Your instructions =
Using the data below, print exactly the line with "The Dahlia flower", the line with "grey majestic los", and every line between them, but none of the pictures.

Data for this task =
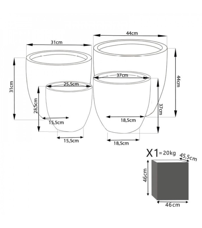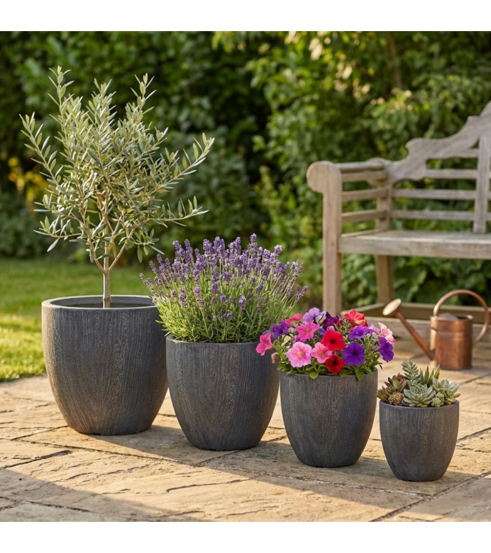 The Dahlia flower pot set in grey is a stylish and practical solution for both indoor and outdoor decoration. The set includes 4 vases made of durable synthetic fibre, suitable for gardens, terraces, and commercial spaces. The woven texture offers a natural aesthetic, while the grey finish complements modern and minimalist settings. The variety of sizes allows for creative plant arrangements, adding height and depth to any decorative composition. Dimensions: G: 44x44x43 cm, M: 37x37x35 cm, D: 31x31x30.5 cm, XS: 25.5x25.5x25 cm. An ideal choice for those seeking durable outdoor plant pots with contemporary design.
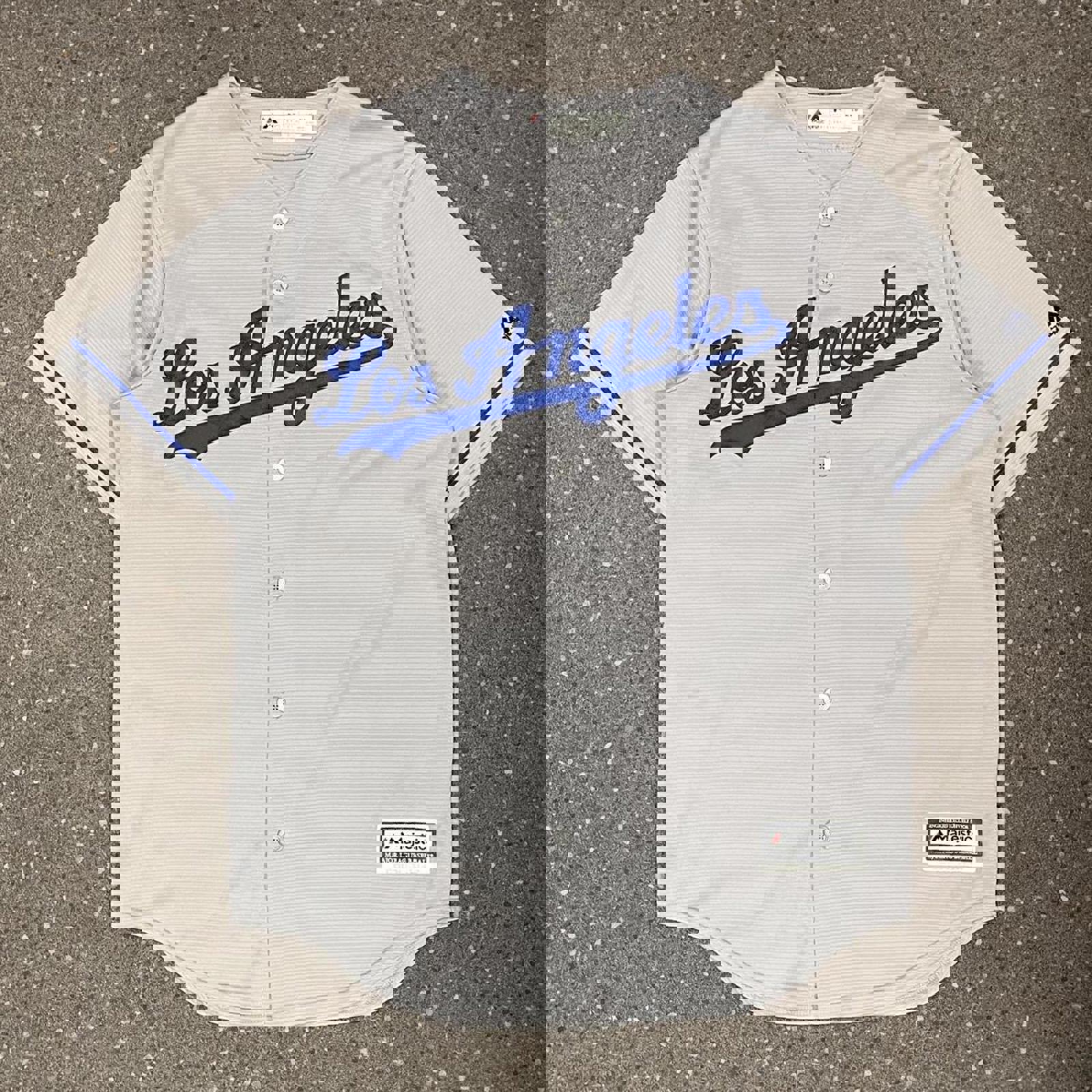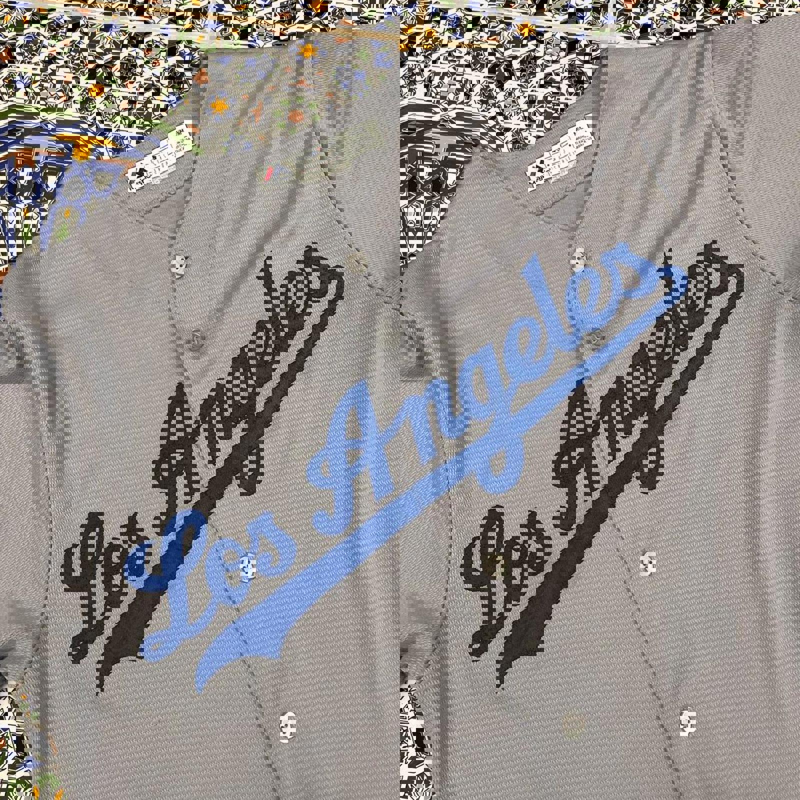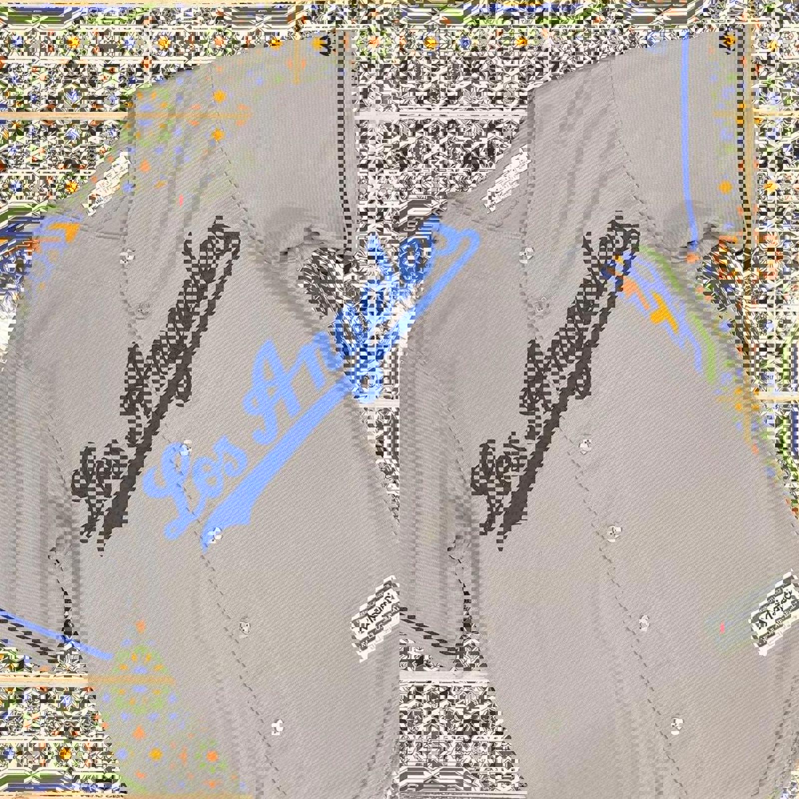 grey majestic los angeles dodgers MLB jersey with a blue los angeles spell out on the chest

==

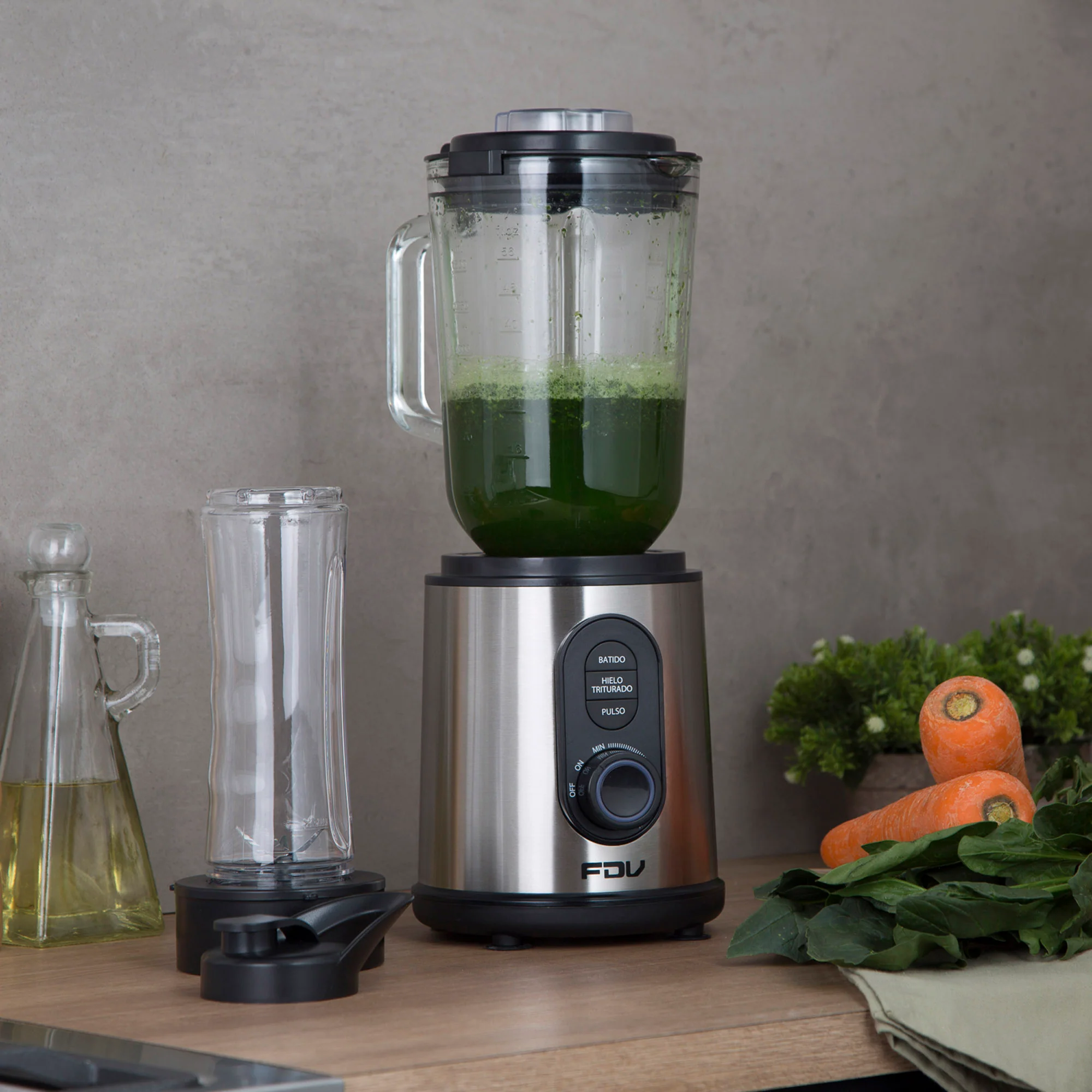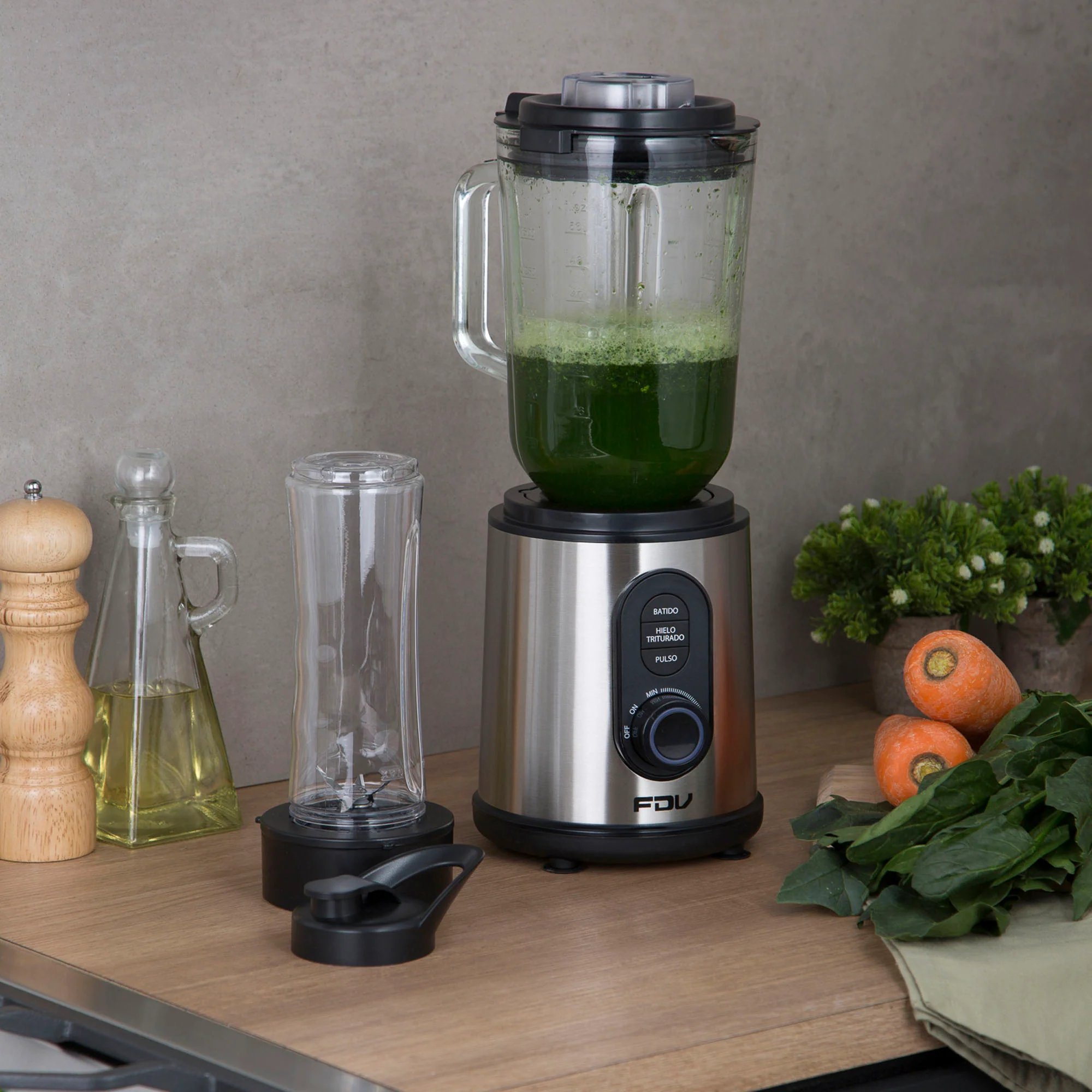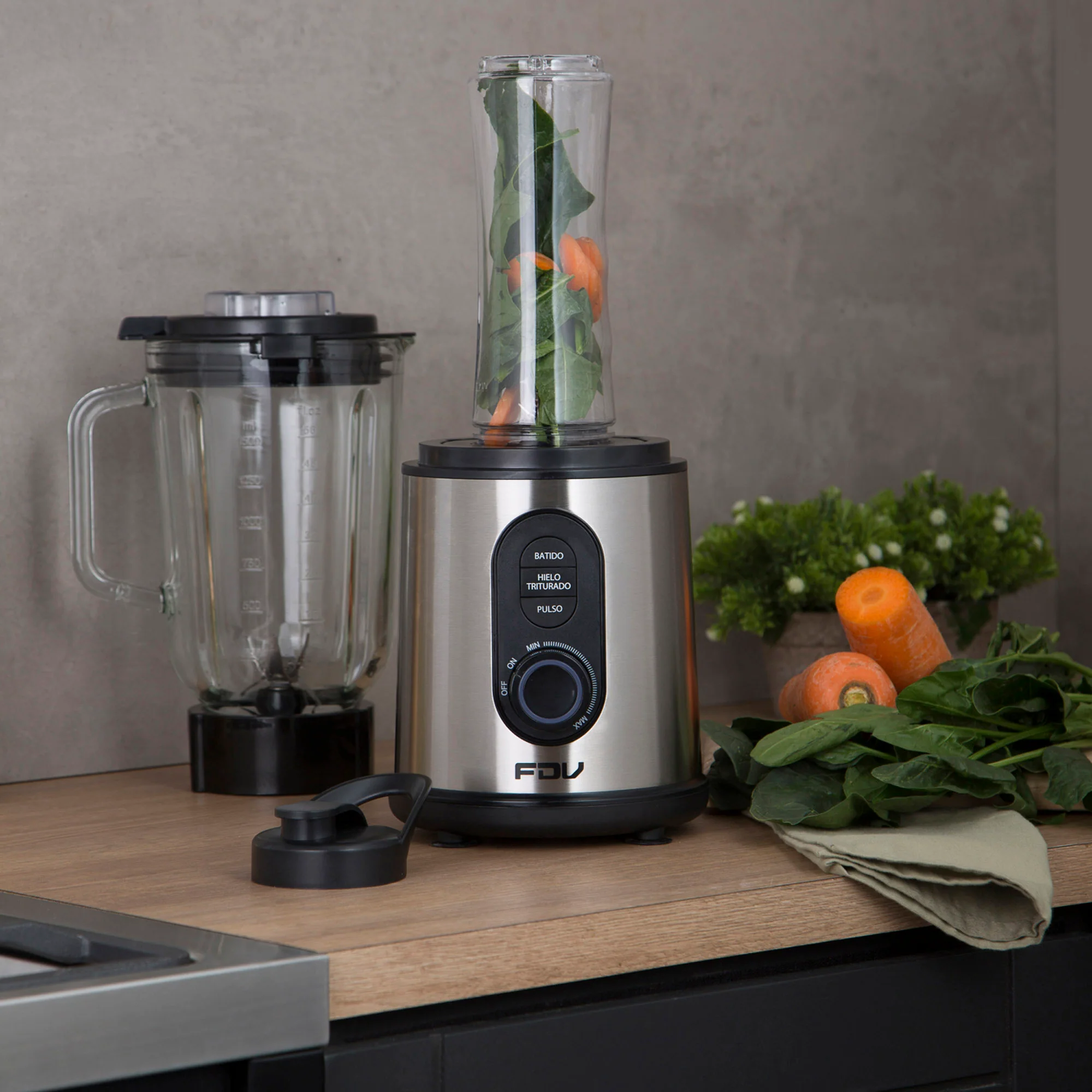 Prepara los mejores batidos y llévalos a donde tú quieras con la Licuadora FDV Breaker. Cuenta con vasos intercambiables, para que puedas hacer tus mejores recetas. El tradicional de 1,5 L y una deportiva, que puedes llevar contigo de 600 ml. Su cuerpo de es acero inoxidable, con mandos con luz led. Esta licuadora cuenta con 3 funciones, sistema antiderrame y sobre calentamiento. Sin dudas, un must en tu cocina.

Result =
 The Dahlia flower pot set in grey is a stylish and practical solution for both indoor and outdoor decoration. The set includes 4 vases made of durable synthetic fibre, suitable for gardens, terraces, and commercial spaces. The woven texture offers a natural aesthetic, while the grey finish complements modern and minimalist settings. The variety of sizes allows for creative plant arrangements, adding height and depth to any decorative composition. Dimensions: G: 44x44x43 cm, M: 37x37x35 cm, D: 31x31x30.5 cm, XS: 25.5x25.5x25 cm. An ideal choice for those seeking durable outdoor plant pots with contemporary design.
 grey majestic los angeles dodgers MLB jersey with a blue los angeles spell out on the chest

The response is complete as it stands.